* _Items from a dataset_
▶

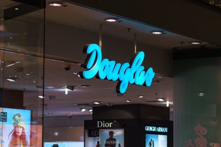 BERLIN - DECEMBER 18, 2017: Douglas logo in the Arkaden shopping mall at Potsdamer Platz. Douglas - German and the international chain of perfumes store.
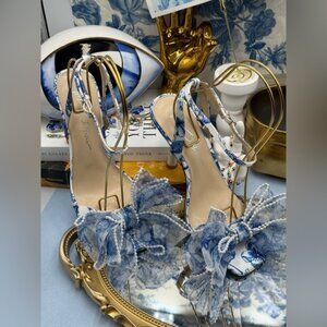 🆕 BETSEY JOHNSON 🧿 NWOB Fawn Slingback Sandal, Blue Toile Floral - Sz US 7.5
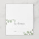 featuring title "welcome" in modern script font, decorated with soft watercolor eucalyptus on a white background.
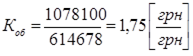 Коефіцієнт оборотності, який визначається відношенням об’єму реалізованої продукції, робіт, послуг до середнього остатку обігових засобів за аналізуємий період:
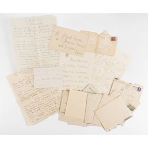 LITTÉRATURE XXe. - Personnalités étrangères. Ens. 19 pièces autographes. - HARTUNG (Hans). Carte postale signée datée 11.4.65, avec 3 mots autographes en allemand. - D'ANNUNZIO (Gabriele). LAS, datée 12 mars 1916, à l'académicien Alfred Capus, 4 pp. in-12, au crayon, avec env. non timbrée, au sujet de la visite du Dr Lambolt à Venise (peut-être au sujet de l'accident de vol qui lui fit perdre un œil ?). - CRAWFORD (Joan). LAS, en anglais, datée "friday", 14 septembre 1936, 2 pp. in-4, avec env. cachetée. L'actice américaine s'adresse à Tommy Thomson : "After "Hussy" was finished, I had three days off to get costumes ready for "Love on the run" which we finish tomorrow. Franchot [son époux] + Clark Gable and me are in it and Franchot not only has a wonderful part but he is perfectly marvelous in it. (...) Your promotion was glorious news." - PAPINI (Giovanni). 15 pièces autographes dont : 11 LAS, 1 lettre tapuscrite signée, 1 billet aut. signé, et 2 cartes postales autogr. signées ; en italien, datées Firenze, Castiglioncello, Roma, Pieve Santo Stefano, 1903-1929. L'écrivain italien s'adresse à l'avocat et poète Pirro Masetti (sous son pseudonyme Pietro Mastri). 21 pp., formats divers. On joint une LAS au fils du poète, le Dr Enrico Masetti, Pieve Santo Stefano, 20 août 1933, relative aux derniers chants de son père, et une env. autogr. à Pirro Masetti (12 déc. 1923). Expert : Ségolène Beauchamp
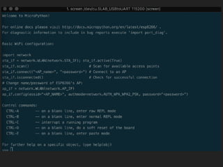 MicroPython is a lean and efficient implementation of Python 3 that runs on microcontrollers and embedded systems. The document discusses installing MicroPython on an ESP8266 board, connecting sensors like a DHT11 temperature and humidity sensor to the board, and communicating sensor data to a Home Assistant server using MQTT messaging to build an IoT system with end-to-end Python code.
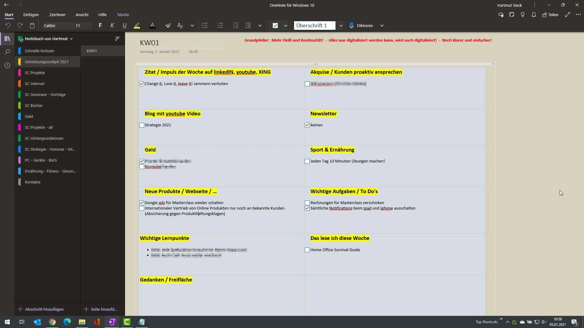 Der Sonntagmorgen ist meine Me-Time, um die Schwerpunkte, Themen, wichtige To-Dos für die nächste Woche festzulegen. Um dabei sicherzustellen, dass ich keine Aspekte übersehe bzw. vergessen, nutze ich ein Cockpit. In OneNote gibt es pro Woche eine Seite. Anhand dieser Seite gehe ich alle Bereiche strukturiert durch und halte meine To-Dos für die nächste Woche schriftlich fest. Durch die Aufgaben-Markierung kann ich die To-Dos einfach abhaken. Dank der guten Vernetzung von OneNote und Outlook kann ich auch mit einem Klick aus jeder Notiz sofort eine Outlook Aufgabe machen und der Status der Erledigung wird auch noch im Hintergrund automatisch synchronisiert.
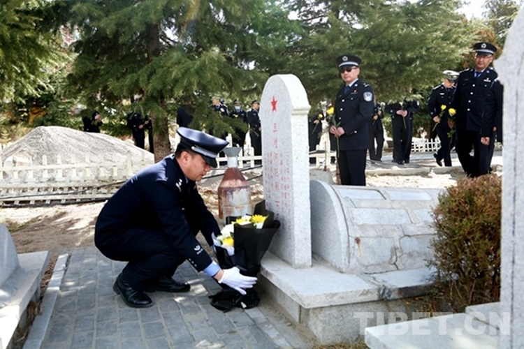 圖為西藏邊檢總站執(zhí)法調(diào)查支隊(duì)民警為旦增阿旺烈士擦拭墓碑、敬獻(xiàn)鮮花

◀

* _Problem to solve_
The line that contains "MicroPython is a" opens the part to copy, and the last line of the records closes it; set down those lines exactly, pictures excluded.

* _Problem solution_
 MicroPython is a lean and efficient implementation of Python 3 that runs on microcontrollers and embedded systems. The document discusses installing MicroPython on an ESP8266 board, connecting sensors like a DHT11 temperature and humidity sensor to the board, and communicating sensor data to a Home Assistant server using MQTT messaging to build an IoT system with end-to-end Python code.
 Der Sonntagmorgen ist meine Me-Time, um die Schwerpunkte, Themen, wichtige To-Dos für die nächste Woche festzulegen. Um dabei sicherzustellen, dass ich keine Aspekte übersehe bzw. vergessen, nutze ich ein Cockpit. In OneNote gibt es pro Woche eine Seite. Anhand dieser Seite gehe ich alle Bereiche strukturiert durch und halte meine To-Dos für die nächste Woche schriftlich fest. Durch die Aufgaben-Markierung kann ich die To-Dos einfach abhaken. Dank der guten Vernetzung von OneNote und Outlook kann ich auch mit einem Klick aus jeder Notiz sofort eine Outlook Aufgabe machen und der Status der Erledigung wird auch noch im Hintergrund automatisch synchronisiert.
 圖為西藏邊檢總站執(zhí)法調(diào)查支隊(duì)民警為旦增阿旺烈士擦拭墓碑、敬獻(xiàn)鮮花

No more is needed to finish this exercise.